1. Introduction
The goal of remote sensing scene image classification is to correctly classify the input remote sensing images. Due to the wide application of remote sensing image classification in natural disaster detection, land cover analysis, urban planning and national defense security [
1,
2,
3,
4], the classification of remote sensing scene images has attracted extensive attention. In order to improve the performance of remote sensing scene classification, many methods have been proposed. Among them, convolutional neural networks have become one of the most successful deep learning methods with their strong feature extraction ability. Convolutional neural networks are widely used in image classification [
5] and target detection [
6]. Many excellent neural networks have been designed for image classification. For example, Li et al. [
7] proposed a deep feature fusion network for remote sensing scene classification. Zhao et al. [
8] proposed a multi-topic framework combining local spectral features, global texture features and local structure features to fuse features. Wang et al. [
9] used an attention mechanism to adaptively select the key parts of each image, and then fused the features to generate more representative features.
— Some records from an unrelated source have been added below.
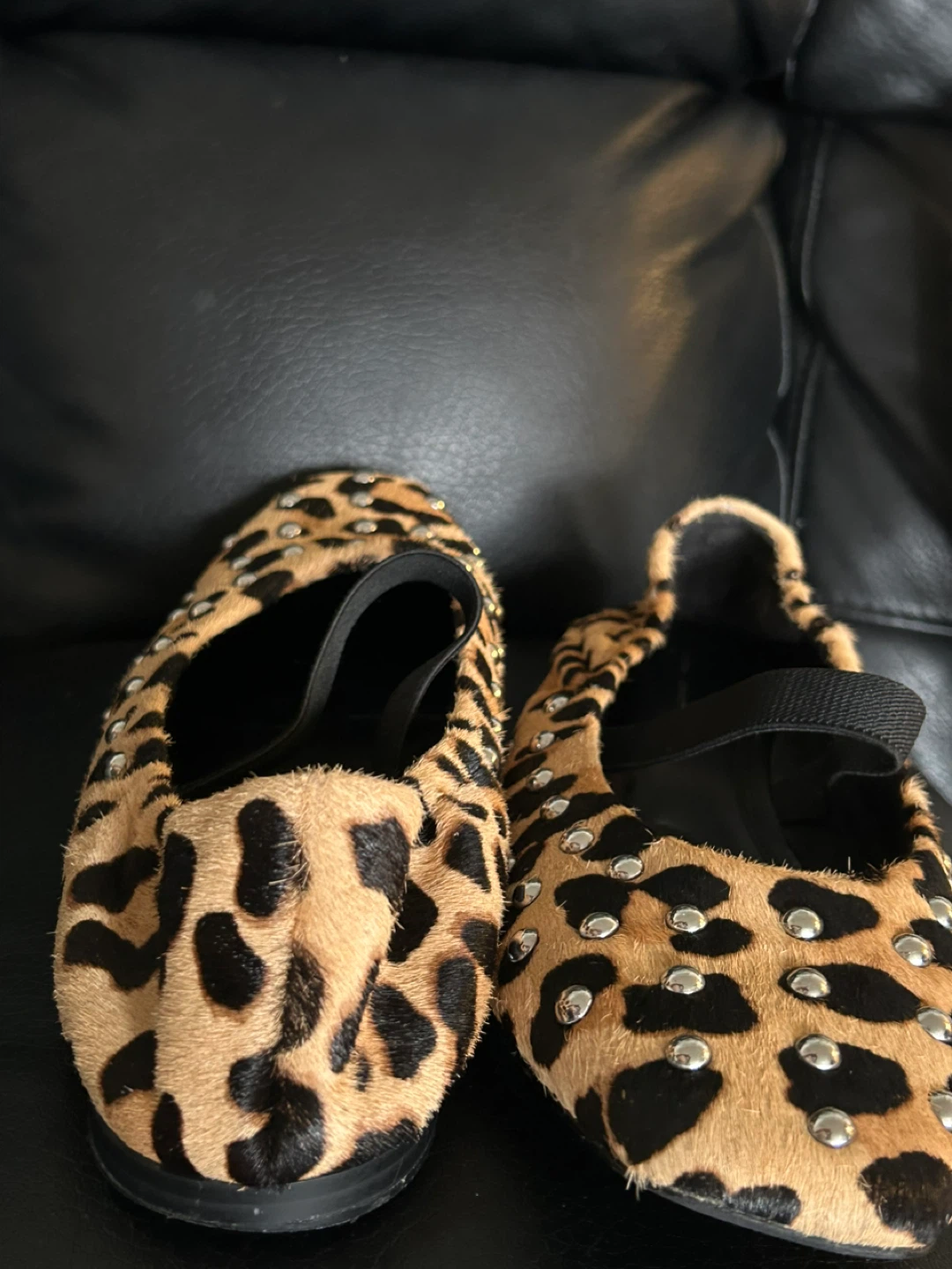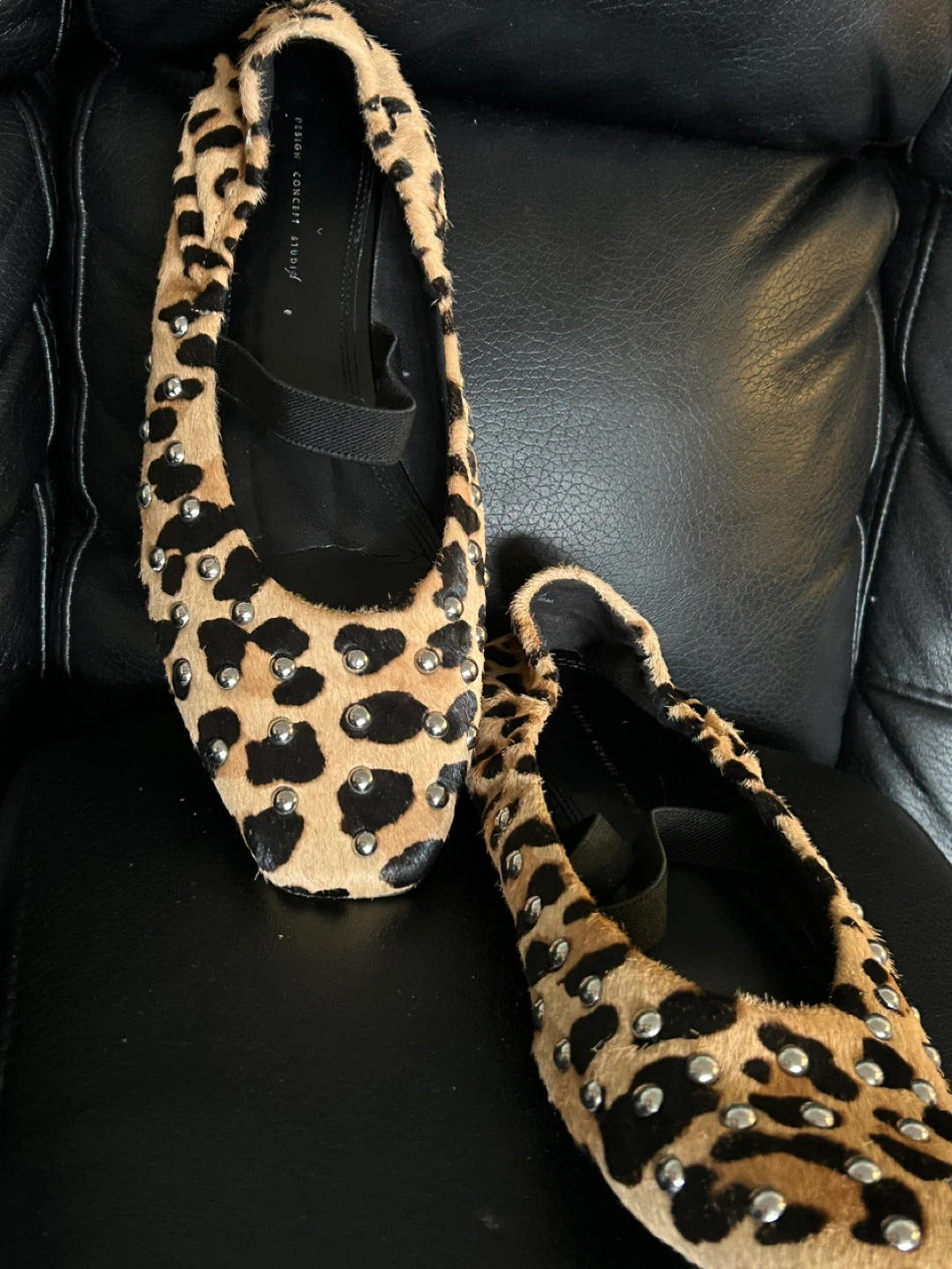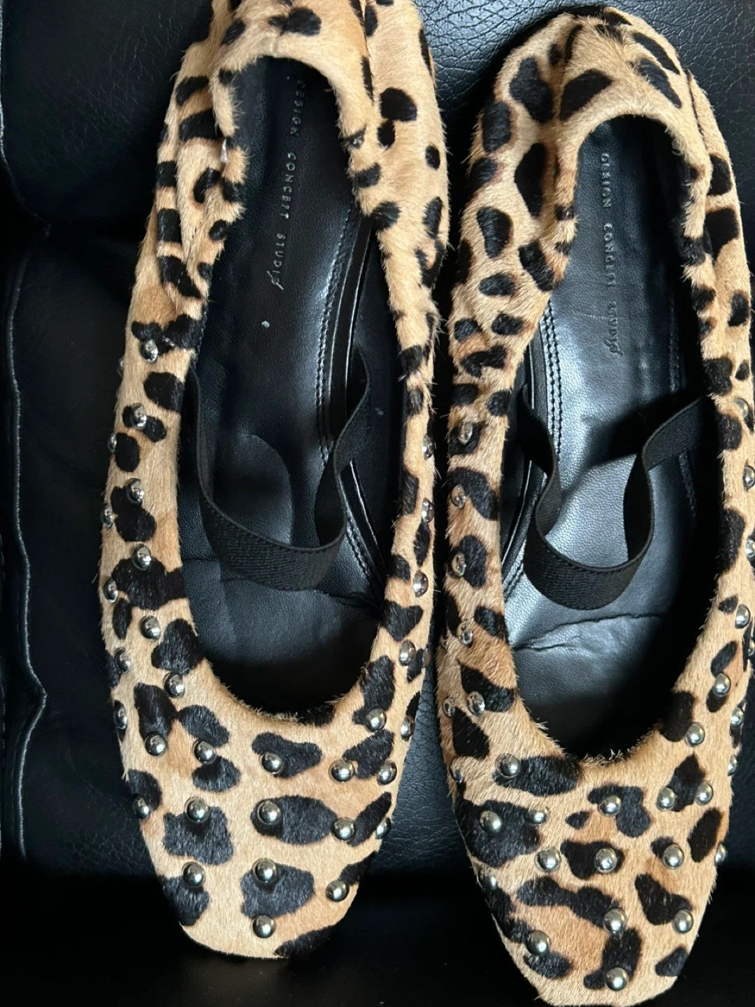 Cute pair of Design Concept Studio studded flats with a fun leopard print! These are perfect for adding a little flair to any outfit size 10. I invite you to view my other items; if you are interested in any of them, I will give you a better price.
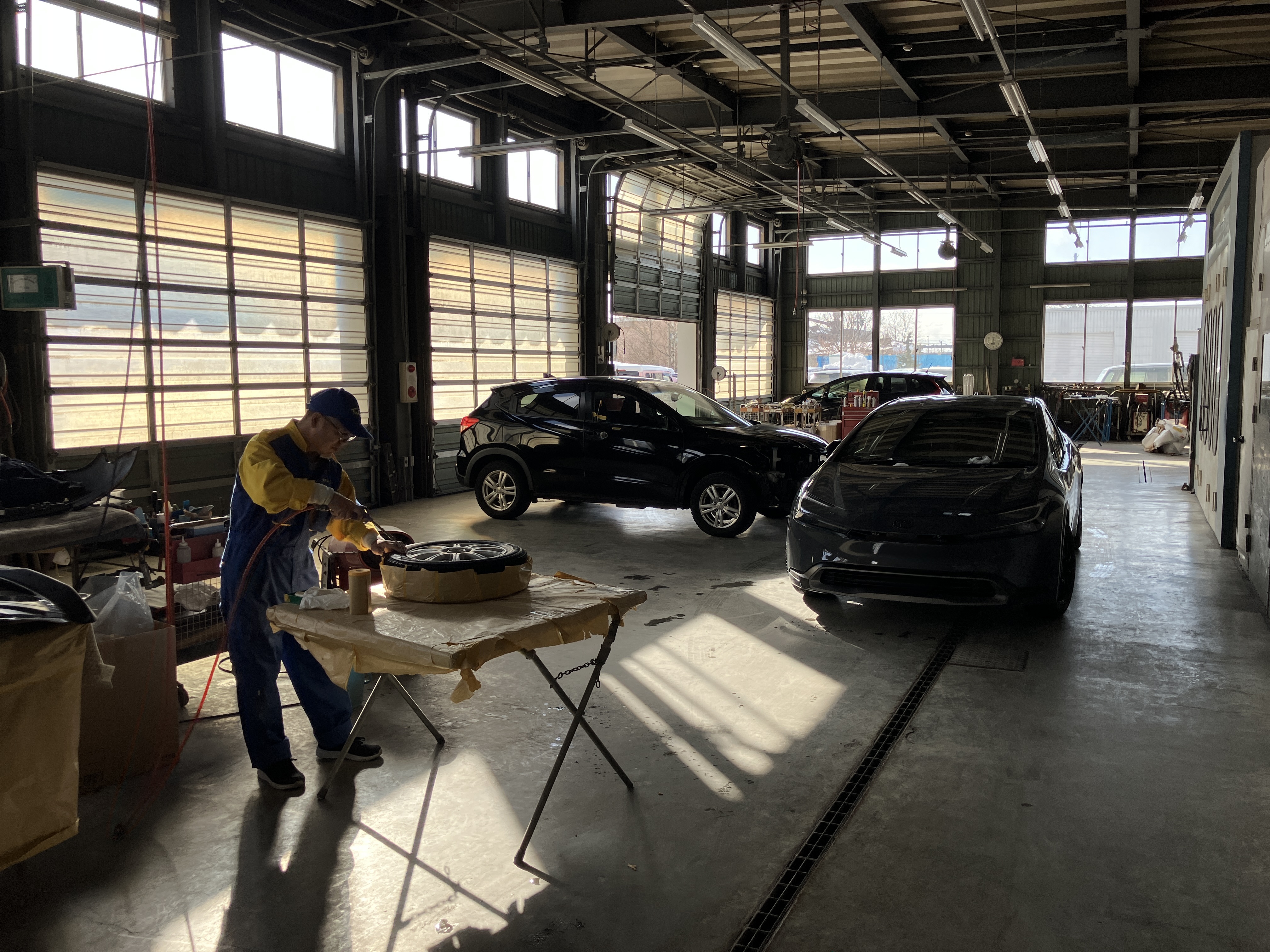 イタリア製塗装ブースを持っていたり、胆振管内で唯一の「ダイヤモンドメイクコーティング」の施工を行っていたり、工場は近郊でもトップクラスの広さがあり作業がしやすいです♪
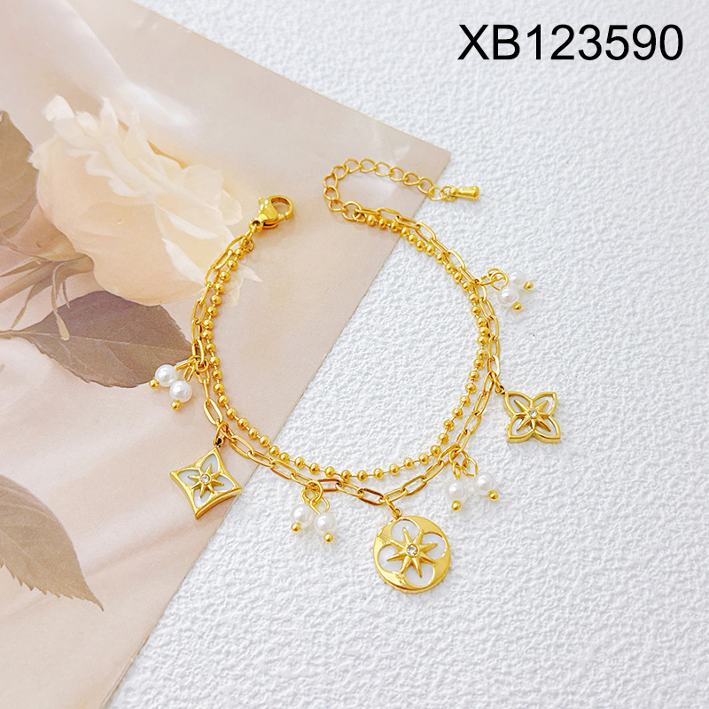 Level B Stainless Steel New Trendy Women Jewelry Pearl Style/Plastic Beads Two Layers Chain SYC Eight-Pointed Star Golden Bracelet
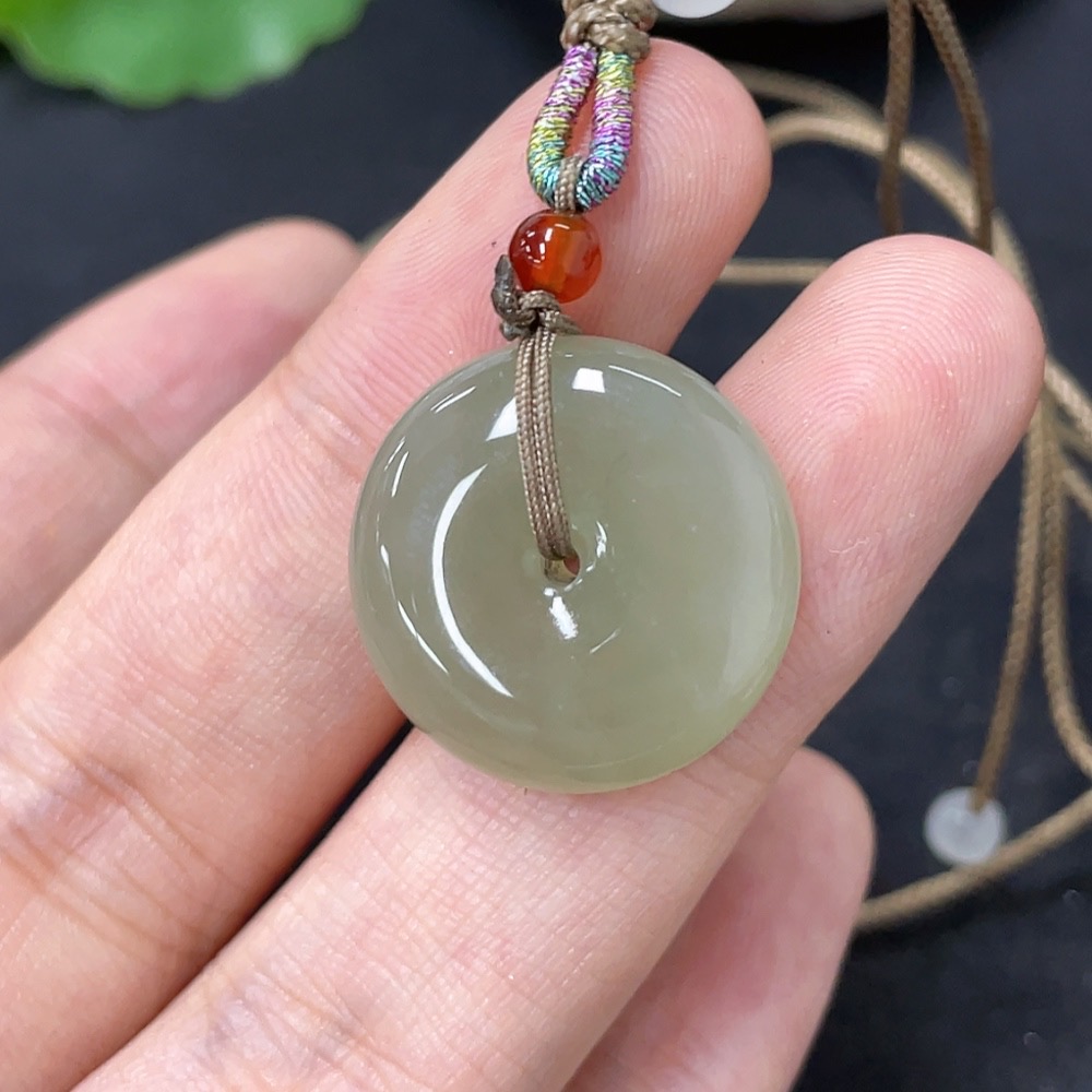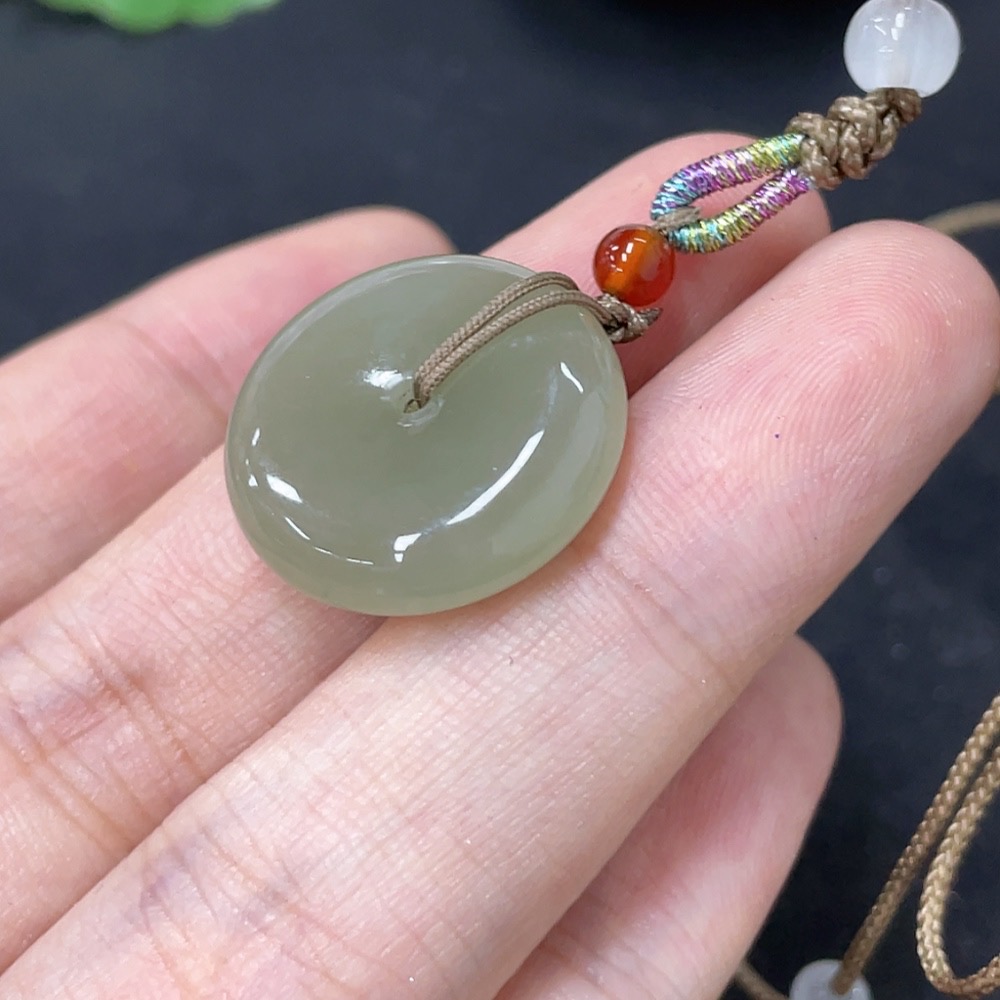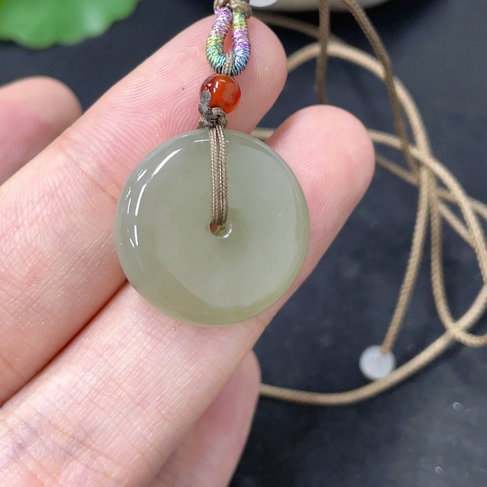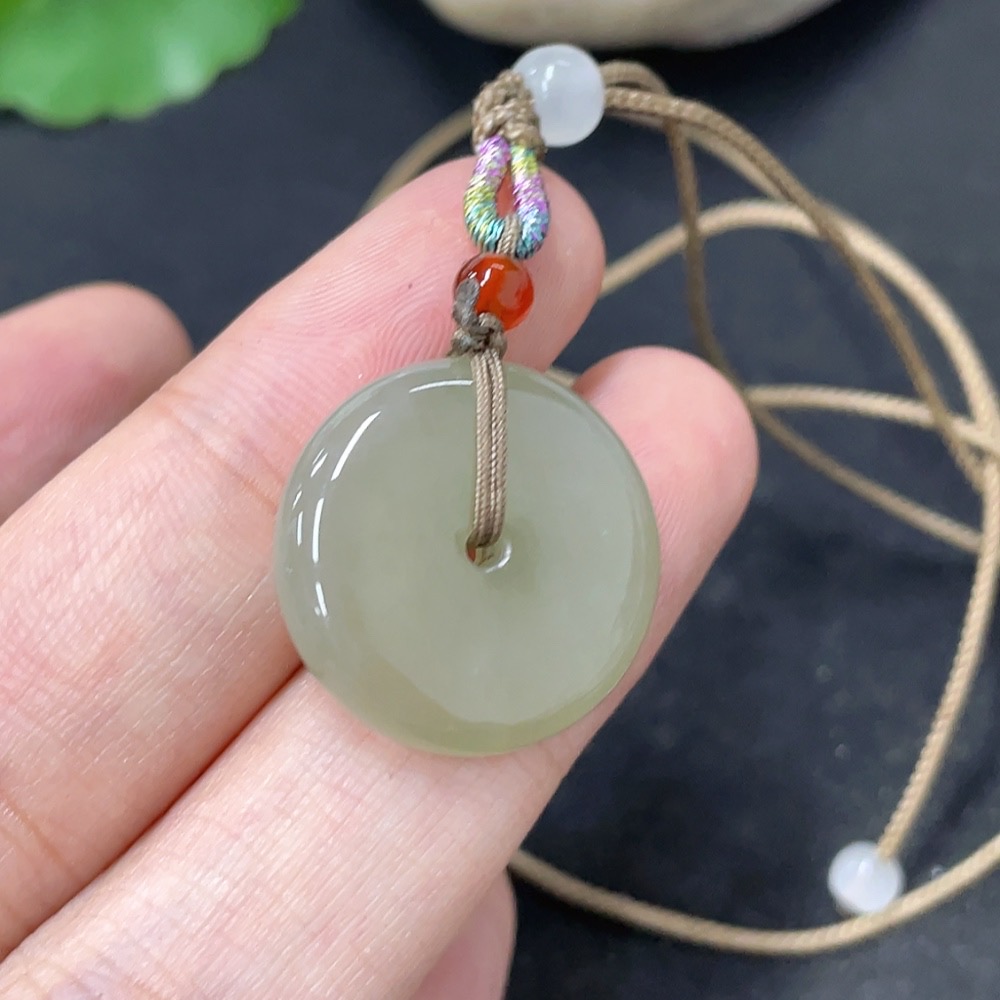 Hetian Jade Pendant, Peace Buckle, Total Weight (Including Rope) Approx. 5.8g
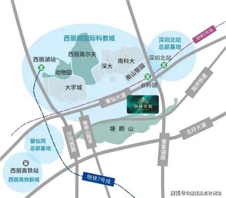 汉园茗院地处南山区西丽街道大学城片区,具体位于南方科技大学东侧、留仙大道旁,从板块定位来看,属于南山的 “边缘区域”,但交通优势却十分突出,成为项目的核心竞争力之一:

In recent years, designing a convolutional neural network to achieve the optimal trade-off between classification accuracy and running speed has become a research hotspot. SqueezeNet [
10] designed a lightweight network by squeezing and extending modules to reduce parameter weight. In the SqueezeNet structure, three strategies are mainly used to reduce the parameters of the model. Firstly, partial 3 × 3 convolution is replaced by 1 × 1 convolution, then the number of input channels of 3 × 3 convolution kernel is reduced, and downsampling is carried out in the later part of the network to provide a larger features map for the convolution layer. The traditional convolution is decomposed in MobileNetV1 [
11] to obtain the depthwise separable convolution. The depthwise separable convolution is divided into two independent processes: a lightweight depthwise convolution for spatial filtering and a 1 × 1 convolution for generating features, which separates spatial filtering from the feature generation mechanism. MobileNetV2 [
12] added a linear bottleneck and inverted residuals structure on the basis of MobileNetV1, which further improves the performance of the network. SENet [
13] proposed the SE module, which consists of extrusion and expansion. Firstly, extrusion is accomplished by global average pooling, which transforms the input two-dimensional feature channel into a real number with a global receptive field. Then, expansion is accomplished through the full connection layer, and a set of weighting parameters is obtained. Finally, channel-by-channel weighting is multiplied to complete the re-calibration of the original feature on the channel dimension. NASNet [
14] used the enhanced learning and model search structure to learn a network unit in a small dataset, then stacked the learned units on a large dataset, which solves the problem that the previous neural network search structure cannot be applied to a large dataset. MobileNetV3 [
15] added a SE module and used a neural structure search to search for network configuration and parameters. ResNet [
16] solved performance degradation due to network depth using residual connectivity, and presents an efficient bottleneck structure with satisfactory results. Xception [
17] replaced the convolution operation in the Inception module with depthwise separable convolution and achieves better performance. GoogleNet [
18] used the Inception module to make the network deeper and wider. The Inception module consists of three convolution branches and one pooled branch, and finally four branches were fused through channels.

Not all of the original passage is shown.